STIP rewards, if earned in 1995, were to be paid in restricted stock
awards to reinforce the Company's emphasis on alignment of interest between
executives and stockholders and to promote the Company's ability to retain
executives. Three specific business objectives were established in the 1995
STIP. A product revenue objective and a cash use objective were equally
weighted, with a targeted net income objective receiving a lesser weight.
Based upon the Company's performance, as compared to 1995 STIP business
objectives, executives did not receive a 1995 short-term incentive payment.
Long-Term Incentives.

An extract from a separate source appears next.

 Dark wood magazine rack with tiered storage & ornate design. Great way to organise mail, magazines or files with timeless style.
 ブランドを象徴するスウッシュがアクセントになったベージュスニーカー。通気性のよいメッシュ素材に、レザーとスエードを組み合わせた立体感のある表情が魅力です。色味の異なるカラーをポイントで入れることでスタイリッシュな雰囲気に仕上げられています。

The Company engaged an independent compensation
consulting firm to determine competitive practices regarding executive long-term
incentives (primarily stock options) and company ownership. This study disclosed
that stock options held by named executives and beneficial company ownership of
the Company's Common Stock by named executives were below comparable levels of
other companies. The Compensation Committee awarded executives in 1995 stock
options with exercise prices equal to the market price on the date of grant to
bring their long-term incentives closer to competitive levels. To further
motivate executives to achieve business objectives and align executive
compensation with stockholder interest, the vesting of these stock options was
structured using criteria based on achievement and maintenance of certain
specified share prices of the Company's Common Stock.

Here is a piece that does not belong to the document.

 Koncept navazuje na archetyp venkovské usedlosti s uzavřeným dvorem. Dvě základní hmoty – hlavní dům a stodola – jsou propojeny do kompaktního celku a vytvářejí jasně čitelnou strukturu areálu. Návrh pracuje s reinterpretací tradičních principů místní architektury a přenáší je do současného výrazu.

Executive Benefits. The Company offers executives the same basic
benefits package provided to other Company employees. These benefits are
comparable to benefits offered by other comparable companies. The Company does
not offer executive perquisites such as country club memberships, financial
counseling, supplemental life insurance or medical expense reimbursements, or
pension plans.
When the Company consolidated its facilities in California in 1994, the
Company offered key personnel based in Cinnaminson, New Jersey, including all
executives, a similar package of relocation benefits. This relocation benefits
package was designed to minimize the financial hardship upon employees of
relocating them and their families and to motivate employees to relocate. The
relocation benefits package to executives included a temporary housing allowance
which extended into the early part of 1995 and payment of certain income taxes
incurred by executives due to benefits provided under this relocation benefits
package. In 1995 Mr. Serenbetz's, Dr. Evans' and Mr. Prichard's relocation
expenses paid by the Company were $23,076, $21,176, and $26,568, respectively.
Chief Executive Officer ("CEO") Compensation. As indicated above, the
Company's compensation philosophy is to compensate executives at levels
comparable to competitive companies. The Compensation Committee believes that
the base salary of the Company's CEO should provide the executive with a level
of stability and certainty and yet not have this particular component of
compensation represent the primary incentive for enhanced performance toward
achievement of the Company's longer-term goals. Based upon independent data that
Mr. Serenbetz's base salary was below comparable base salaries of other
comparable companies' chief executive officers, the progress Mr. Serenbetz made
against the new strategic direction of the Company, and that Mr. Serenbetz had
not received a base salary increase since the commencement of his employment by
the Company in 1991, the Compensation Committee set the base salary for Mr.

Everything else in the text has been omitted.